Work required: For the data below, transcribe the part that opens with the line containing "The head coach" and closes with the line containing "After the rising", exactly and with no pictures.

Supplied data:
★ ★ ★ ★ ★ ★ ★

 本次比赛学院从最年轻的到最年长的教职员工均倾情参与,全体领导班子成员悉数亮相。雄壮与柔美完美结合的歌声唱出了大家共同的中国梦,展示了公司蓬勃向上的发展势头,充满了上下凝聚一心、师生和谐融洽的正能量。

★ ★ ★ ★ ★ ★ ★

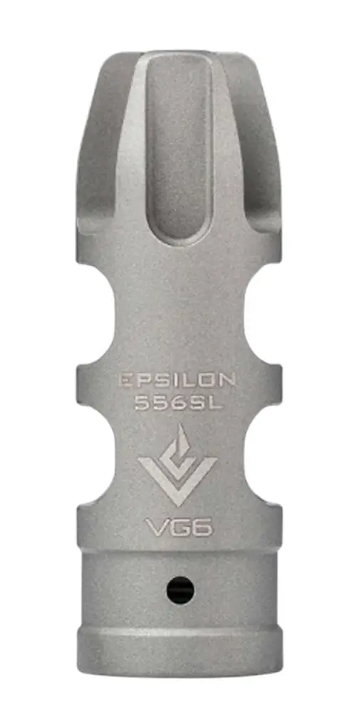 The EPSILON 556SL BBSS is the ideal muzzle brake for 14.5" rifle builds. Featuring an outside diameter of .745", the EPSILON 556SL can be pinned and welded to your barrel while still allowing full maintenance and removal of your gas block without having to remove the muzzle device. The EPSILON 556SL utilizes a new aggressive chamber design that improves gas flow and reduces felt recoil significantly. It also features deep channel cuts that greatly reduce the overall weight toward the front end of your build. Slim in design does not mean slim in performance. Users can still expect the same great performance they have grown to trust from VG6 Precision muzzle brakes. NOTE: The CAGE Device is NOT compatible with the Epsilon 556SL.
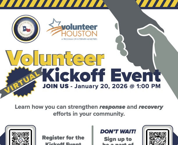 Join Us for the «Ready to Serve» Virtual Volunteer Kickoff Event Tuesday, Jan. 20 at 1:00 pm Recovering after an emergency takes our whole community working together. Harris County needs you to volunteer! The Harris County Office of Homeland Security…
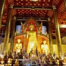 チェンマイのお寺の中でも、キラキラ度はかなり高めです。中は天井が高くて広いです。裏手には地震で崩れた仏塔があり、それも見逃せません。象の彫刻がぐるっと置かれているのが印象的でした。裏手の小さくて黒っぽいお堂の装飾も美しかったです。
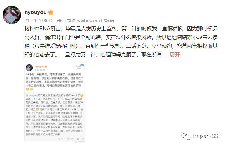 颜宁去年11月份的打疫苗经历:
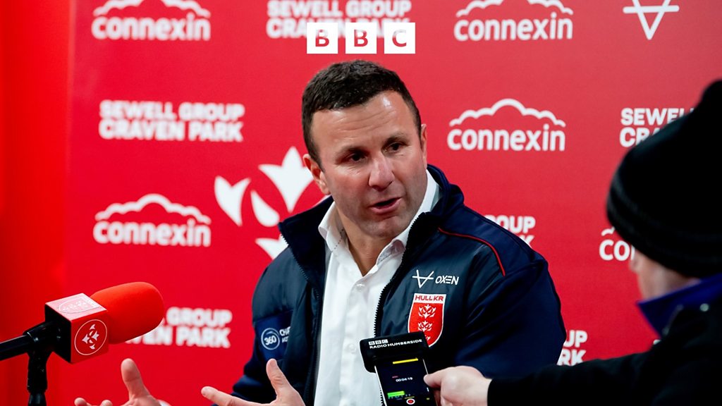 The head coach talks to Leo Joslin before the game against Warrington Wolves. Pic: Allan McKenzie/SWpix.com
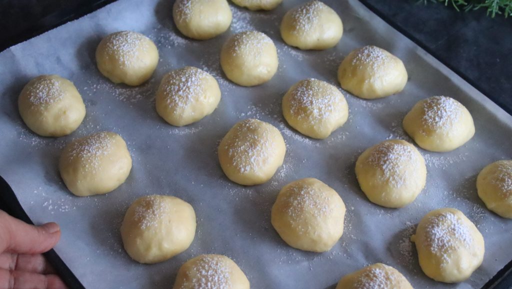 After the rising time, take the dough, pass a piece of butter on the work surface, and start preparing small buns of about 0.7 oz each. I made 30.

★ ★ ★ ★ ★ ★ ★

Task solution:
 The head coach talks to Leo Joslin before the game against Warrington Wolves. Pic: Allan McKenzie/SWpix.com
 After the rising time, take the dough, pass a piece of butter on the work surface, and start preparing small buns of about 0.7 oz each. I made 30.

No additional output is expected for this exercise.